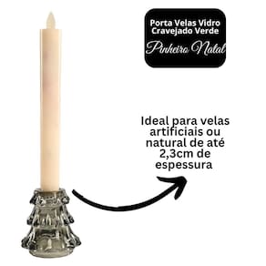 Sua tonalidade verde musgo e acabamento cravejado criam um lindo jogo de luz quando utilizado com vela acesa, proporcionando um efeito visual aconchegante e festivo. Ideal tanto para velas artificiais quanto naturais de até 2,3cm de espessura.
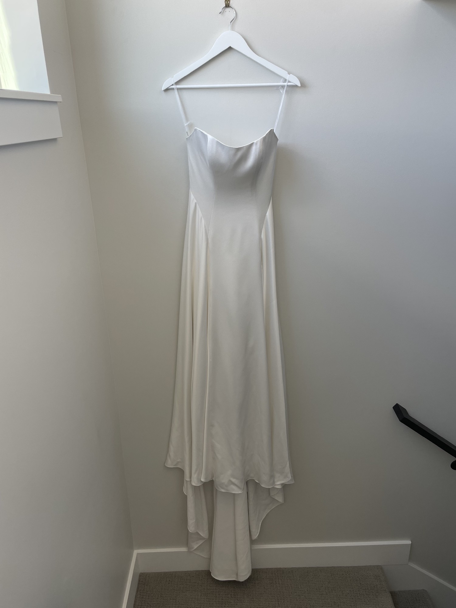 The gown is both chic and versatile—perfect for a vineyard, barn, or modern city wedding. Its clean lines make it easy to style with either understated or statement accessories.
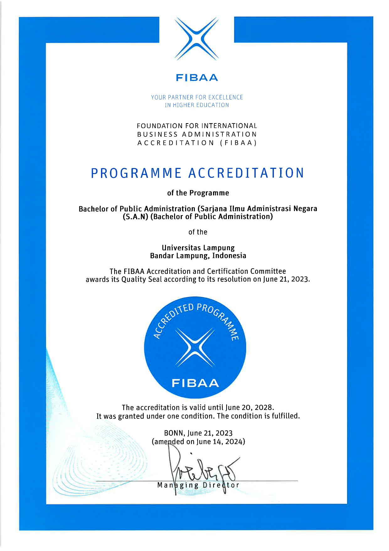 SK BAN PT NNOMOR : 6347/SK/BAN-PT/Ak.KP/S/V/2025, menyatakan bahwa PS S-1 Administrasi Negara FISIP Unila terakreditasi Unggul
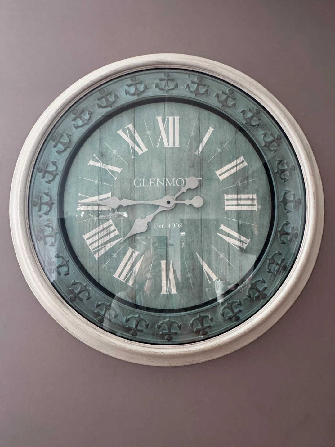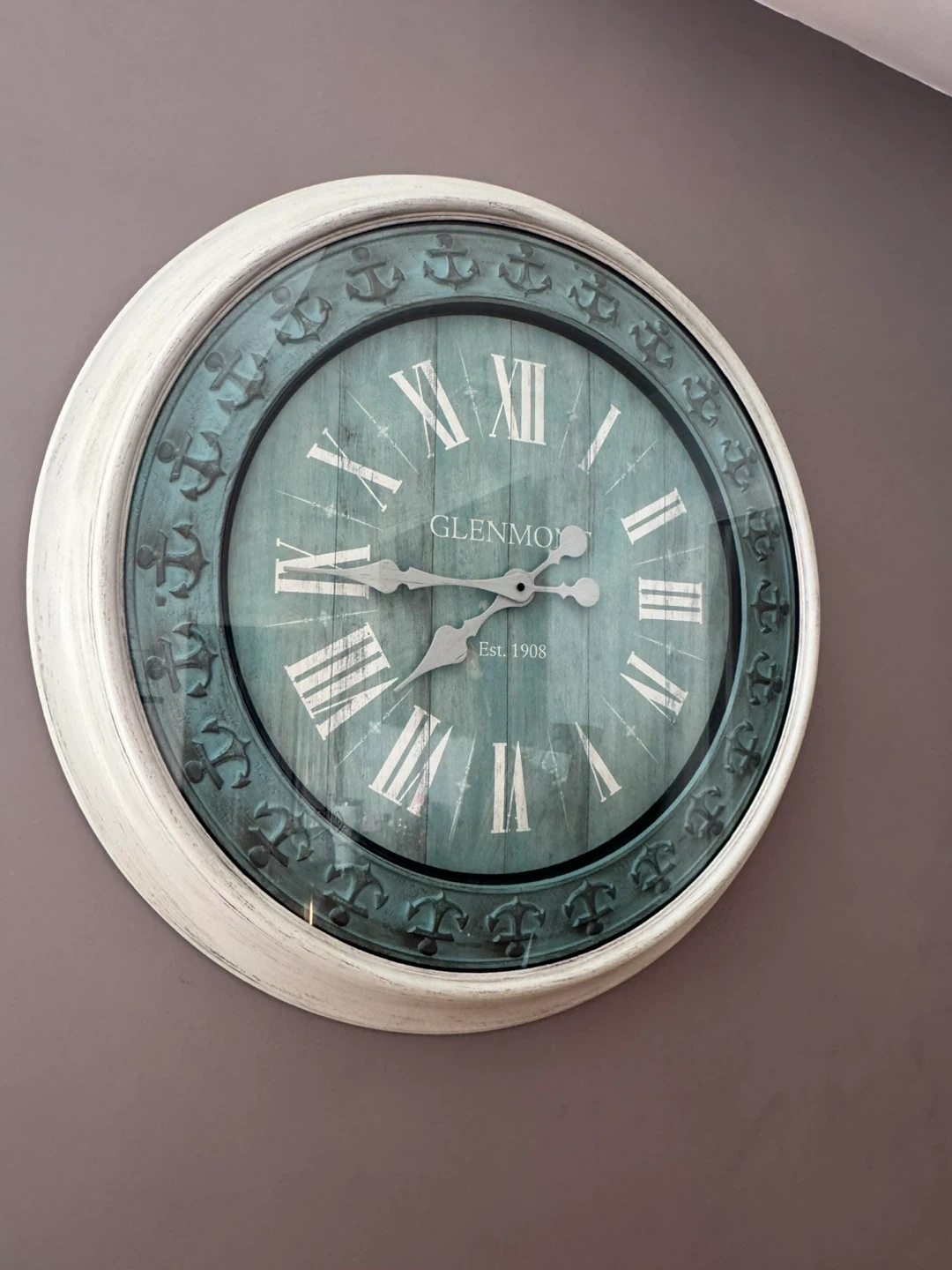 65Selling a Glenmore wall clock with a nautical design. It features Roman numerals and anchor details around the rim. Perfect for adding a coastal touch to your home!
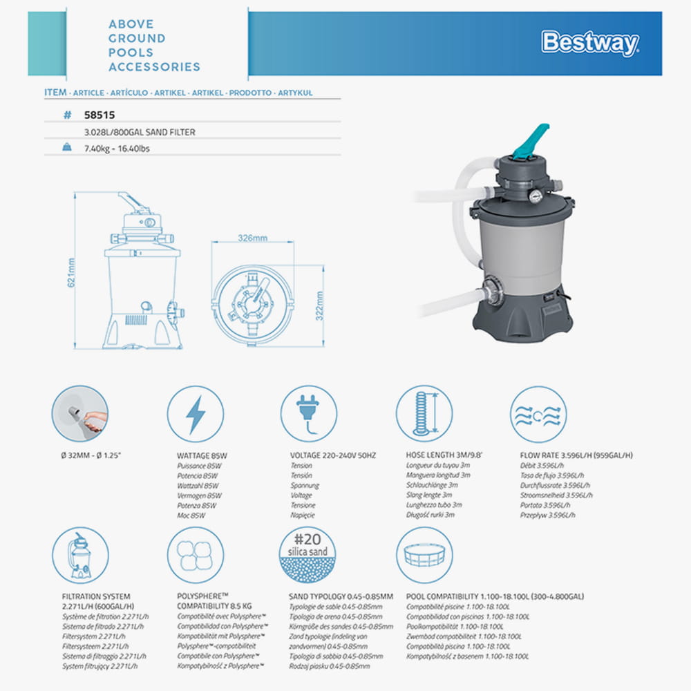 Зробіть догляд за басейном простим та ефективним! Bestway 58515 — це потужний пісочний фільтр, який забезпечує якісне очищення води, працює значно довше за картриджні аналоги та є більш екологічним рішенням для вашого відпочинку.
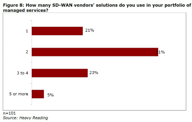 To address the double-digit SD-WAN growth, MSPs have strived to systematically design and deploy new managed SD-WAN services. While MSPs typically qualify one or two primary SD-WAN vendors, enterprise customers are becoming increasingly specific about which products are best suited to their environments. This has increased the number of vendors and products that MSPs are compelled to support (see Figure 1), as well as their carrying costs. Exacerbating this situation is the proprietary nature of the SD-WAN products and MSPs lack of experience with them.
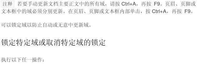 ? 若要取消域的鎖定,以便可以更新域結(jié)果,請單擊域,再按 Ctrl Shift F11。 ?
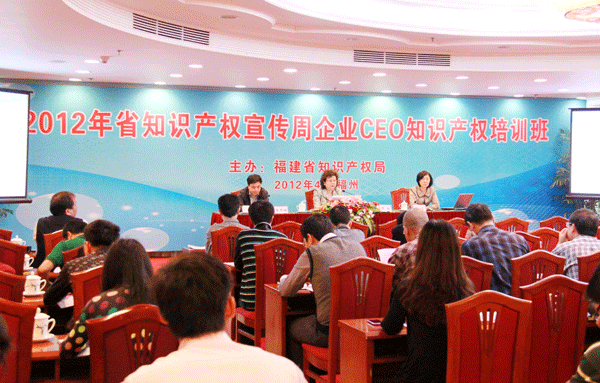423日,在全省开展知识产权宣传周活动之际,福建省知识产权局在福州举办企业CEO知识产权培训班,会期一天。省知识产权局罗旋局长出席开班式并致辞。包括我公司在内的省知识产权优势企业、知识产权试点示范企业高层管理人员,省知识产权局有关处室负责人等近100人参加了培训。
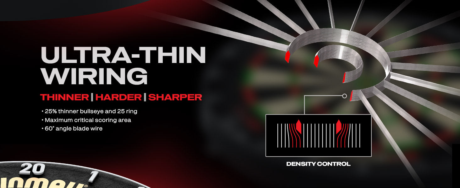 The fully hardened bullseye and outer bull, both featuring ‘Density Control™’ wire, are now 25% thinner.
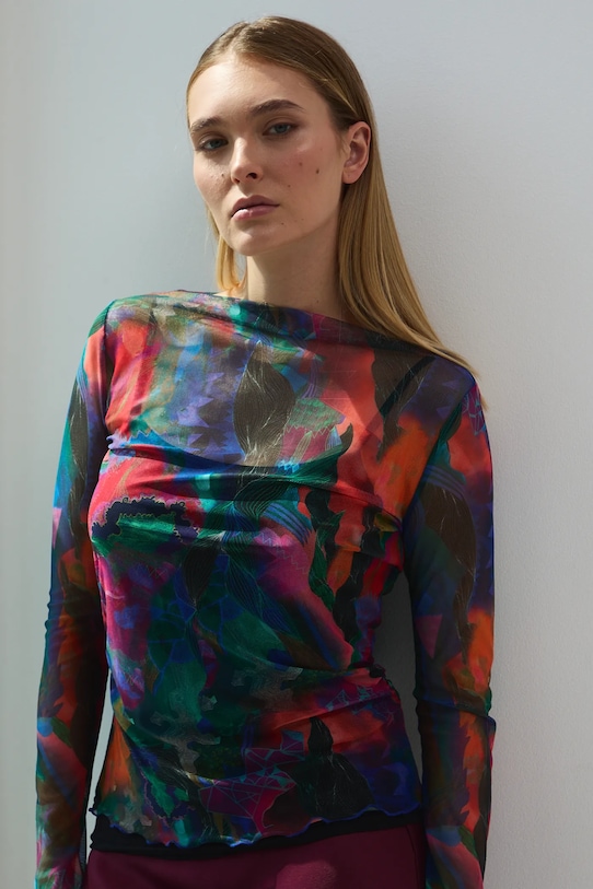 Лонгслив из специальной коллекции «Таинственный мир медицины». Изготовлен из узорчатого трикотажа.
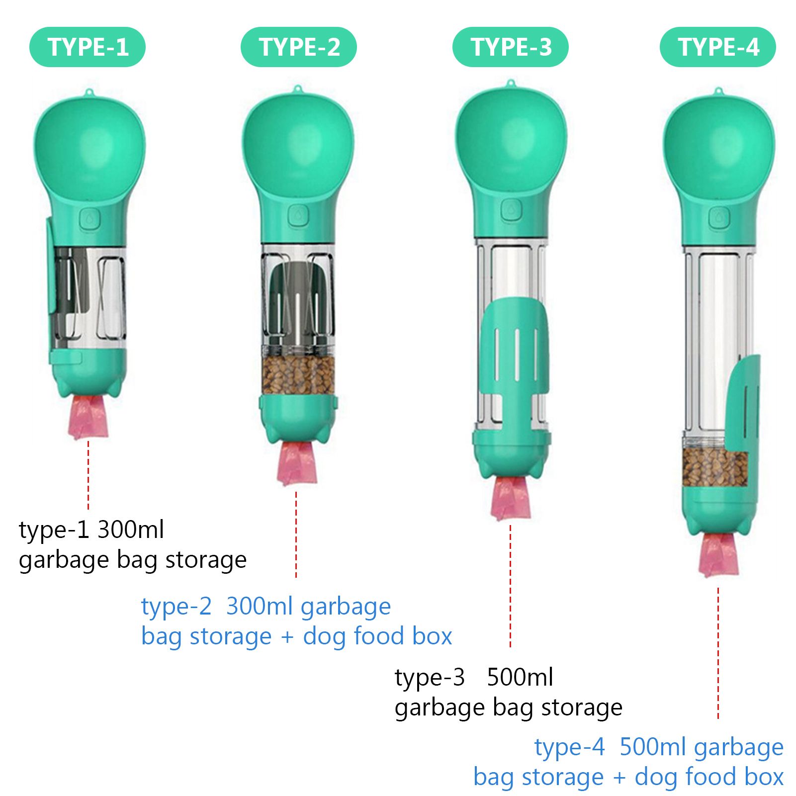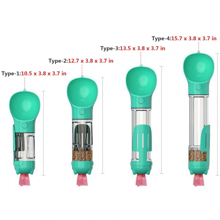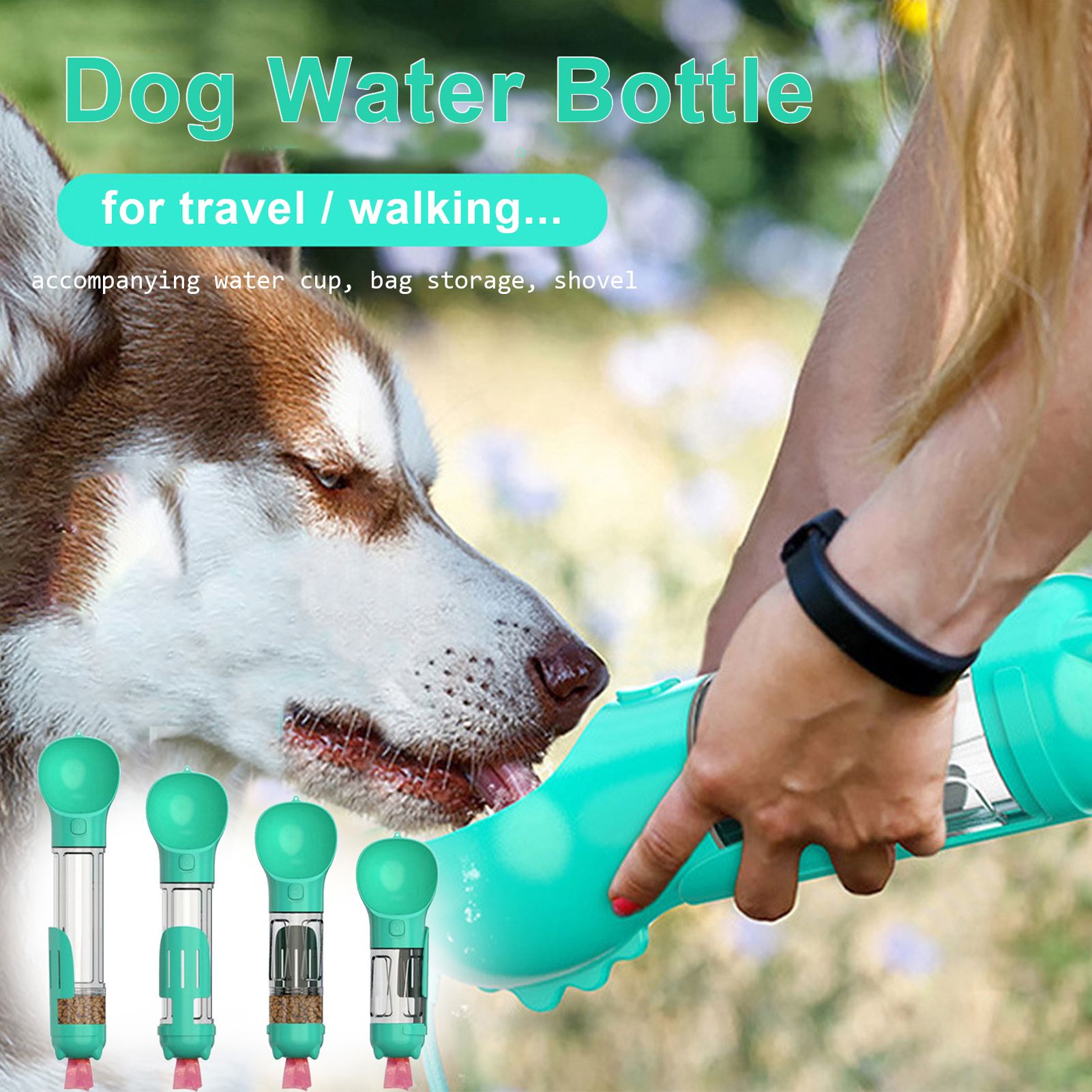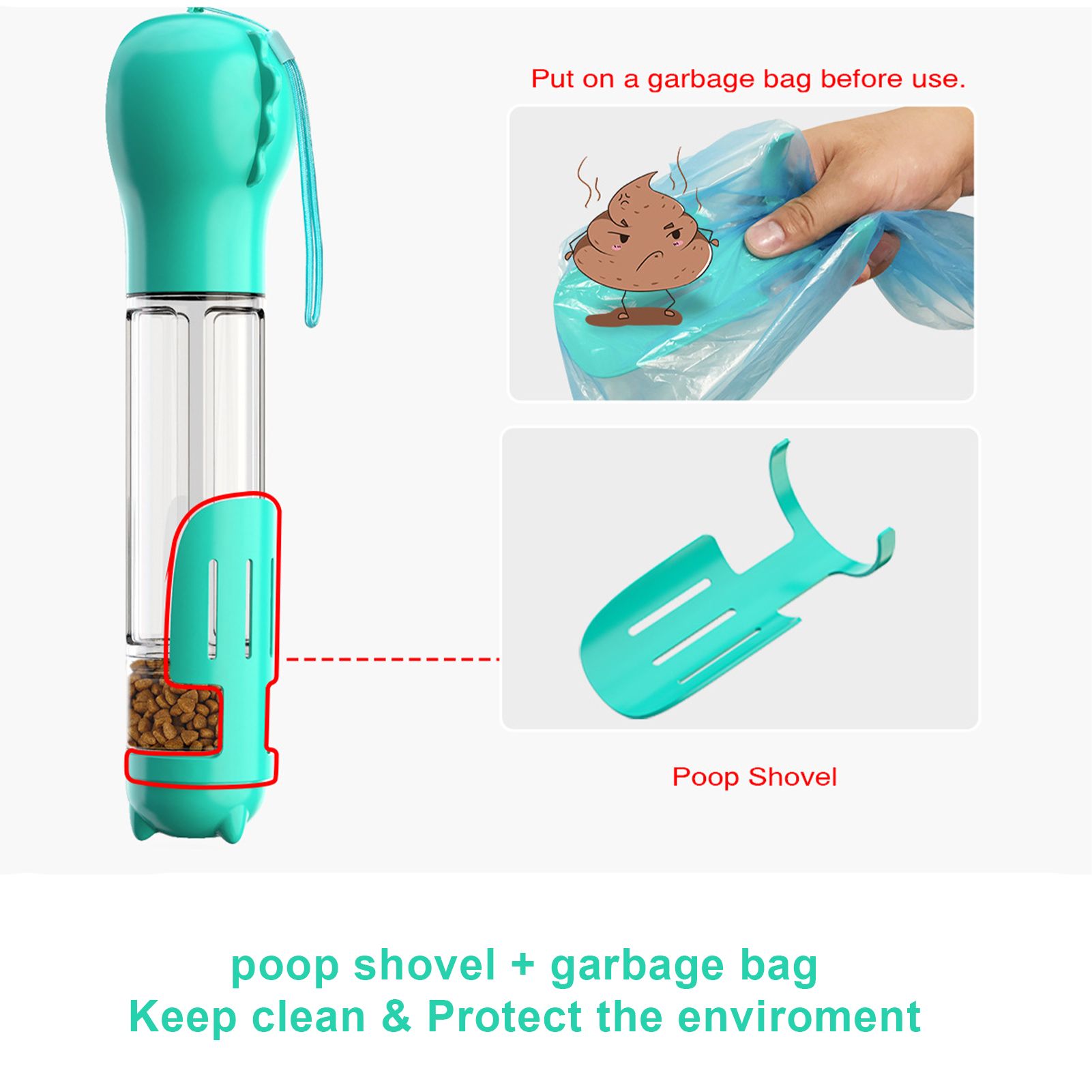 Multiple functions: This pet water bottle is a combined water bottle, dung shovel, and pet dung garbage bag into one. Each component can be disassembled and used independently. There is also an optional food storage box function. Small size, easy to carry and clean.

◆ **Task details**
Starting at the first line of the data, set down each line exactly until you have copied the line with "Зробіть догляд за", but leave the pictures out.

◆ **Response for this exercise**
 Sua tonalidade verde musgo e acabamento cravejado criam um lindo jogo de luz quando utilizado com vela acesa, proporcionando um efeito visual aconchegante e festivo. Ideal tanto para velas artificiais quanto naturais de até 2,3cm de espessura.
 The gown is both chic and versatile—perfect for a vineyard, barn, or modern city wedding. Its clean lines make it easy to style with either understated or statement accessories.
 SK BAN PT NNOMOR : 6347/SK/BAN-PT/Ak.KP/S/V/2025, menyatakan bahwa PS S-1 Administrasi Negara FISIP Unila terakreditasi Unggul
 65Selling a Glenmore wall clock with a nautical design. It features Roman numerals and anchor details around the rim. Perfect for adding a coastal touch to your home!
 Зробіть догляд за басейном простим та ефективним! Bestway 58515 — це потужний пісочний фільтр, який забезпечує якісне очищення води, працює значно довше за картриджні аналоги та є більш екологічним рішенням для вашого відпочинку.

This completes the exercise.